Google Answers Logo
View Question
Q: linear and nonlinear problem solving, math ( Answered 5 out of 5 stars,   2 Comments )
Subject: linear and nonlinear problem solving, math
Category: Science > Math
Asked by: goodwasabi-ga
List Price: $10.00
Posted: 30 Mar 2004 09:38 PST
Expires: 29 Apr 2004 10:38 PDT
Question ID: 322431
I would like an introduction to krylov spaces. what is a krylov space
and what are it's properties?

Clarification of Question by goodwasabi-ga on 30 Mar 2004 10:40 PST
I know how to generate a Krylov space, but I don't understand why it
would be the natural space to find a solution of a Ax=b type problem.
Every text I have found on the internet defines the space as a span of
A and x but they don't explain any general properties of the space,
like how the various vectors x, Ax, A^2x... relate to each other. How
can x, Ax, A^2x etc be linearly independent?

Clarification of Question by goodwasabi-ga on 30 Mar 2004 23:50 PST
I refer to the comment by mathtalk-ga

My main interest is infact for the conjugate gradient method. What I
have noticed is that most researchers, when dealing with these types
of problems consider working in this type of space (Krylov) as a
given.
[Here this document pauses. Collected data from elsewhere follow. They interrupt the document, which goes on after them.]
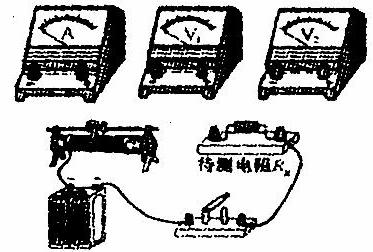 ,显然不能用电流表来测电流,而应该把其中一个电压表V1当电流表来使用。根据比值法容易判断出待测电阻是大电阻,伏安法应使用内接法。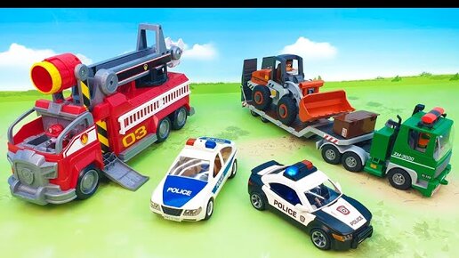 Пожарная машина Бульдозер Эвакуатор Мусоровоз Автокран Грузовик Полиция - распаковка для мальчиков.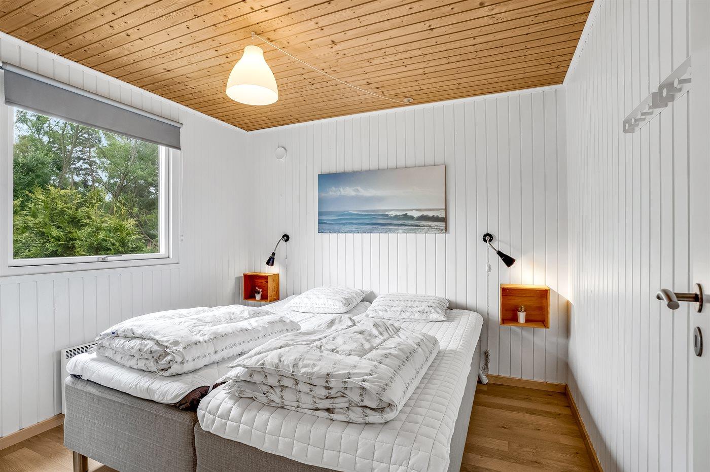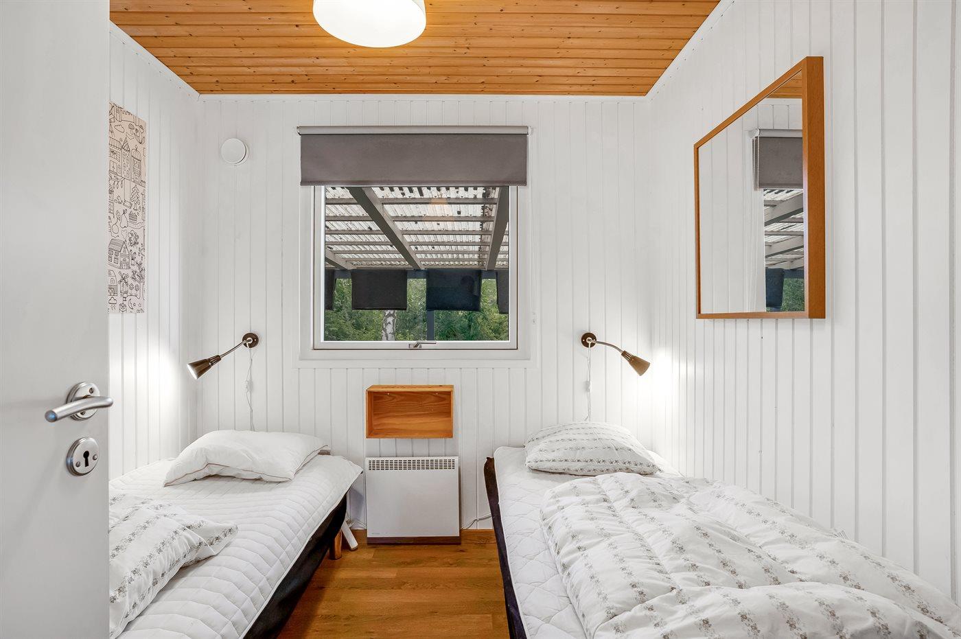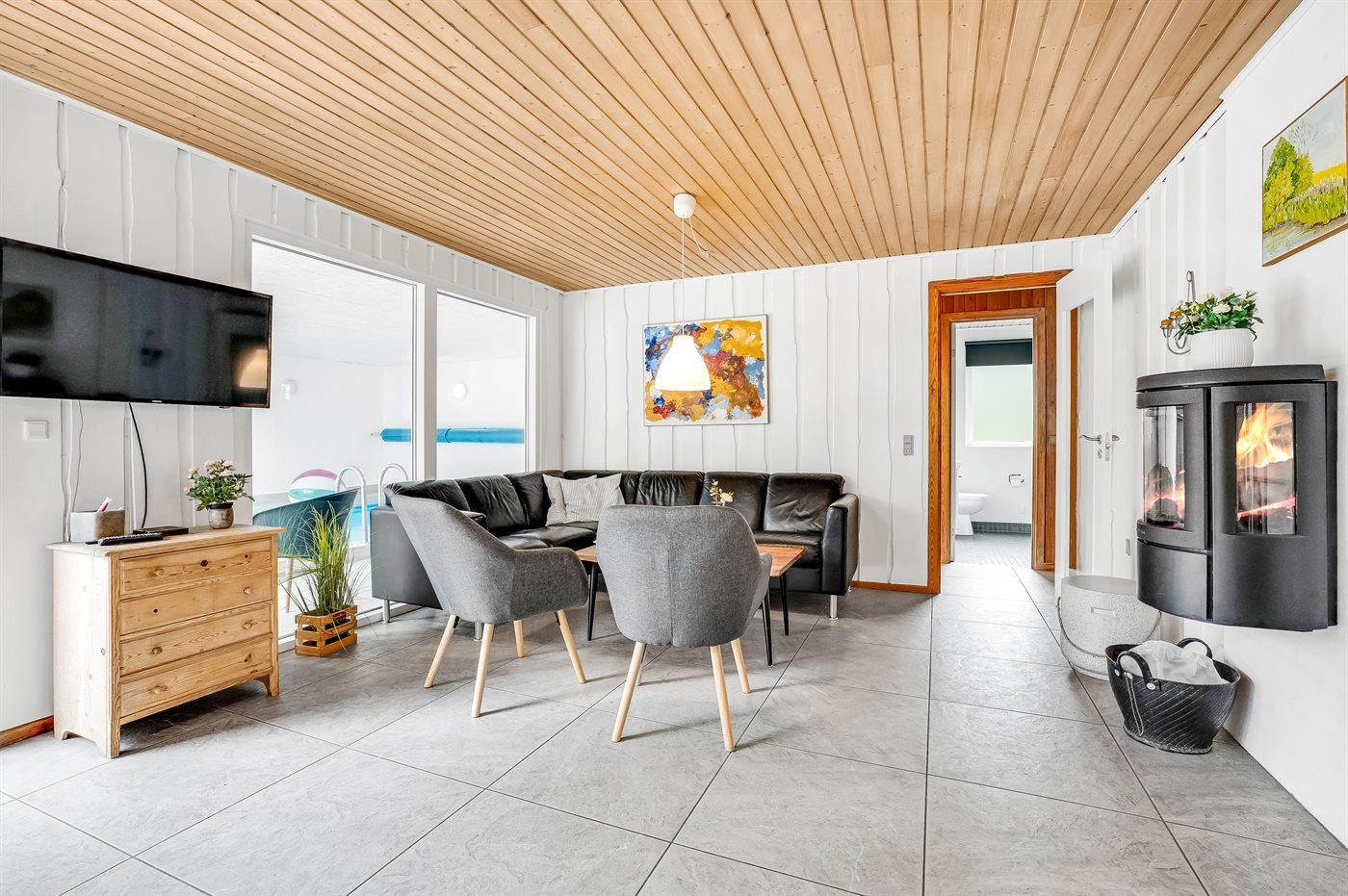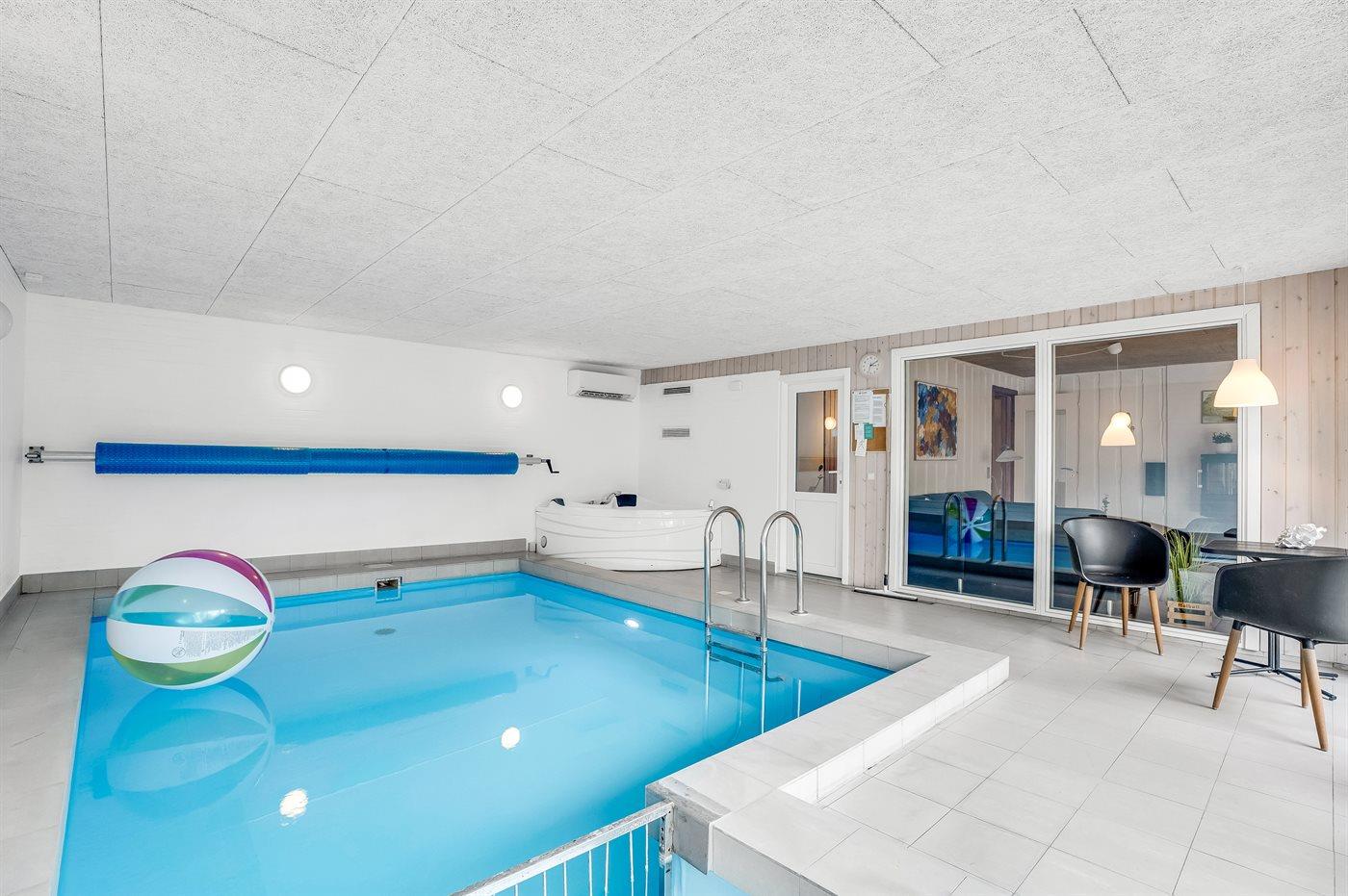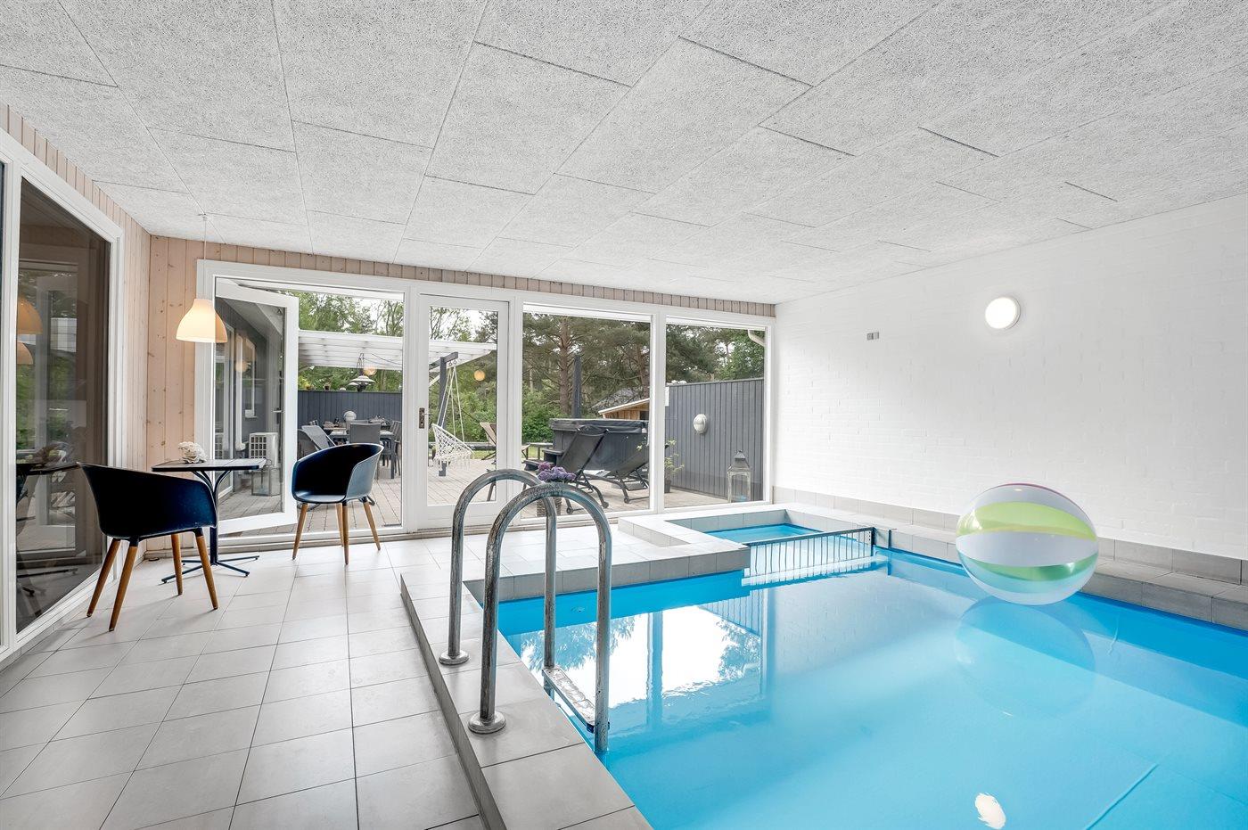 Det er tilladt at medbringe husdyr. Grunden er indhegnet. Man fornemmer straks den ro der hviler over sommerhuset, og med en tur i poolen/spaen ude/ inde eller en gåtur på de hyggelige stisystemer til vandet, så er der rig mulighed for afslapning. Huset er smagfuldt indrettet i 2021 med nye møbler. I den indendørs swimmingpool er der mulighed for leg og hyggeligt samvær. Swimmingpoolen måler 3,5 x 4,5 meter og er 1,3 m dyb. Til de små er der børnepool. Vandet er 24 til 28 grader varmt. I pool rum findes der 2 personers spa. Der er stor 6 personers standvandsspa udenfor med mulighed for afslapning året rundt. Spaen er ikke fyldt med vand ved ankomst, så ønskes spa ikke benyttet, er der ingen udgift til opvarmning. Ved benyttelse, er vandet i spaen 38 grader varmt på 3 timer. Der er i alt 5 soveværelser. Sovepladserne fordeler sig på: 4 sovepladser i dobbeltsenge. 6 sovepladser i enkeltsenge. Derudover er der 1 stk. barneseng. Køkkenet er udstyret med et køle/fryseskab med 60 liter fryser. Der er 4 induktionsplader, varmluftsovn, mikrobølgeovn samt opvaskemaskine alt af nyere dato. Der er 2 moderne badeværelser med bruseniche og 2 toiletter. I sauna og indendørs spa er der mulighed for afslapning. I begge badeværelser, køkken og stue er der gulvvarme. Til opvarmning er der såvel varmepumpe og brændeovn i stue udover gulvvarme samt el radiatorer i soveværelser. I ferieboligen er der er 1 TV, DVD-afspiller og radio. Der er danske, tyske, svenske og norske tv-kanaler. Der er trådløst internet til rådighed. Fra stuen er der adgang til en 70 m2 stor delvis afskærmet sydvendt terrasse med 20 m2 overdækning. Havemøbler til 10 personer, 2 solvogne samt 2 grille. I den store have findes der: Legehus, gynger, 2 fodboldmål samt stor nedgravet trampolin. Shelter. Der er carport samt parkering ved boligen.

I understand what a Krylov space is and on the other side how
the conjugate gradient method works, but if I don't see the clear
relation between the two.

Request for Question Clarification by mathtalk-ga on 31 Mar 2004 08:46 PST
Hi, goodwasabi-ga:

I think I can tie these concepts together for you.  For many
applications one has a matrix or linear operator that acts in a high
dimensional space, where an exact linear solver can be prohibitively
expensive (in terms of compute time).  Iterative methods of
approximate solution are then attractive.  [Many nonlinear algorithms
require iterative solution of linear subproblems, so there's a natural
tendendancy here also to allow for good approximate solutions for the
linear subproblems so long as the overall convergence of the nonlinear
method is not badly affected.]

The conjugate gradient method for positive definite matrix A has a
curious attraction of being both an exact method and an iterative
method.  Instead of factoring the matrix A or (worse) inverting it,
one solves Ax = b through a series of steps whose most expensive work
is a matrix*vector multiplication.  The "approximate solution" at any
given stage can be understood as a projection (under an A-inner
product space) of the actual solution upon an expanding set of Krylov
subspaces.  In n dimensions one has (assuming exact arithmetic) the
exact solution because the Krylov subspaces have expanded at that
point to fill the domain.

Is this sort of information what you are looking for?  I'd be happy to
give a more technical explanation as an Answer, but if this is
sufficient you are under no obligation.

regards, mathtalk-ga

Clarification of Question by goodwasabi-ga on 01 Apr 2004 00:57 PST
Ciao mathtalk-ga,

first of all I thank you very much for your two comments. I would like
to have your technical answer. If you could step thru the CG method
(even just briefly) just to explain when and how Krylov is envolved
(also referring to what you were saying about the fact that it's
usefull for the K-th term of the expansion to be linearly dependent on
the others).
Subject: Re: linear and nonlinear problem solving, math
Answered By: mathtalk-ga on 03 Apr 2004 08:59 PST
Rated:5 out of 5 stars
Hi, goodwasabi-ga:

Your Question about the relationship between Krylov subspaces and
iterative solution of linear systems brings to mind:

An Old Story

One dark evening a man sees a friend, busily searching for something
under a street lamp.  When he asks how he can help, he's told that a
watch is missing, and for several minutes both of them diligently look
for it.  Finally the man asks his friend if he's sure this is where
the watch was lost.  "Oh no," the friend replies, "I left it in the
park, but the light is much better here."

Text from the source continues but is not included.